Пробирались речушками Колл, Вазы, Лосьва, Тавда. Они сливались в памяти, обступали дремучими лесами, наваливались комарьем.

Россия дальняя уходила безвозвратно.

Они обгоняли колодников в баржах и все плыли, плыли дни и ночи и наконец пристали к тобольской пристани.

На берегу меж домишек собралась толпа зевак, свистела, улюлюкала, бросала комья ссохшейся грязи.

Конвой окружил ссыльных и повел их вверх по крутому Прямскому взвозу. Высоко впереди синели, взяв цвет от неба, стены кремля.

То и дело попадались татары, киргизы, монголы. На верхнем базаре большеголовый коренастый калмык, с усами и без бороды, с серебряными кольцами в ушах, рвал зубами вяленую верблюжатину. Рядом лежал лук со стрелами, а на груди калмыка висели четки из круглых косточек и ожерелье красного коралла.

Мария смотрела во все глаза на войлочные кибитки, бойкую торговлю с телег, конские табунки, отары овец, приготовленные для отправки на бойню. Стояла невыносимая жара. Запах крови перемешался со сладковатым запахом мыловарен, парафина свечной мастерской, винокурен, и у Марии начала кружиться голова.

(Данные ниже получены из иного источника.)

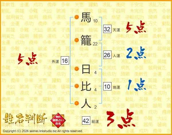馬籠日比人さんの外運は16画の5点!

У небольших домов с резными потрескавшимися наличниками, почернелыми трубами разгуливали коровы, блаженствовали в грязи пятнистые боровы, гомонили вездесущие воробьи.

Покачиваясь, брел по деревянному тротуару пьяный в легкой поддевке. За невысоким, из широких деревянных пик, забором, повизгивая, взлетали на качелях две юные тоболянки, и Мария позавидовала их беззаботному веселью.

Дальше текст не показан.